Злополучная веселость и привела меня в то место, где мы с вами сейчас находимся. Царь Антигон был крив на один глаз. Я жестоко его оскорбил. Правда, он поклялся, что, если я предстану пред ним, он не будет питать ко мне никакой злобы. Меня привели к нему почти силой, и друзья мои ободряли меня следующими словами: «Иди, ничего не бойся. Жизнь твоя будет в безопасности с того самого момента, как ты предстанешь пред царские очи». — «Ну, — отвечал я им, — если я не могу добиться прощения, не представ пред его очи, я погиб». Антигон, который был расположен простить мое преступление, не сумел простить мне эту шутку, и моя неуместная веселость стоила мне головы.
Пармениск. Не знаю, так ли уж мне не хотелось бы в свое время обладать этим вашим талантом, даже такой ценой.
Феокрит Хиосский. А я — как хотел бы я сейчас обрести эту вашу серьезность!

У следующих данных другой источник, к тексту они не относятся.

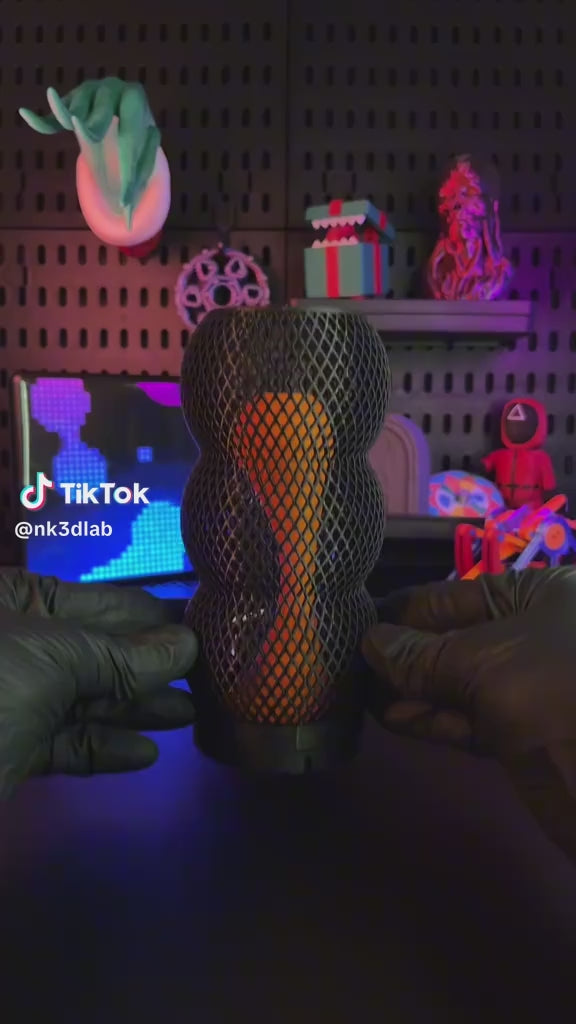 Luminária LED Multicores com Efeito Lava, Impressão 3D Geométrica e efeito visual hipnotizante. Ideal para decoração de quartos, salas e escritórios.
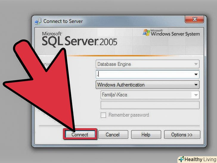 Запустіть SQL Server Management Studio.при першому запуску програми вам буде запропоновано вибрати, до якого сервер підключатися. Якщо у вас вже є сервер і ви працюєте, маєте необхідні дозволи для підключення до нього, то можете ввести адресу сервера та ідентифікаційну інформацію. Якщо ви хочете створити локальну базу даних, встановіть ім'я бази даних database Name як . і тип аутентифікації як "Windows Authentication".- Натисніть кнопку Підключити щоб продовжити.

Пармениск. О, даже не мечтайте об этом. Я думал, что умру от серьезности, которой вы так страстно жаждете. Ничто меня больше не забавляло; я делал страшные усилия, чтобы рассмеяться, но ни за что не мог достичь цели. С тех пор я совсем не наслаждался всем тем, что есть смешного на свете: смешное это стало для меня горестным. В конце концов, отчаявшись обрести эту мудрость, я отправился в Дельфы[39] и настойчиво стал молить бога даровать мне средство смеяться. Он отослал меня в двусмысленных выражениях к «материнской власти». Я решил, что он подразумевает мою родину, и вернулся туда, но родина моя оказалась бессильной против моей серьезности. Я уже начал покоряться своей участи, как неизлечимой болезни, когда случайно мне пришлось совершить путешествие в Делос.[40] Там я с изумлением созерцал великолепие храмов Аполлона и красоту его статуй. Все вокруг было сделано из золота и мрамора, руками лучших мастеров Греции. Но когда я подошел к деревянной Латоне, очень грубо и наспех скроенной и имевшей вид печальной старухи, я разразился громким хохотом: мысленно я сравнил при этом статуи сына со статуей матери. Не могу вам выразить достаточно ясно, как я был поражен, удовлетворен и очарован тем, что смеялся. Тогда-то я понял истинный смысл прорицания. Больше я никогда не приносил жертв всем этим золотым и мраморным Аполлонам: все мои дары и обеты были отданы деревянной Латоне. Я посвятил ей бесчисленное множество жертв, я всю ее окутал дымом курений, и, если бы только я мог на это потратиться, я воздвиг бы храм Латоне, дарующей смех.
Феокрит Хиосский. Мне кажется, Аполлон мог уделить вам способность смеяться и не за счет своей матери. Вы могли бы увидеть очень много объектов, производящих тот же эффект, что Латона.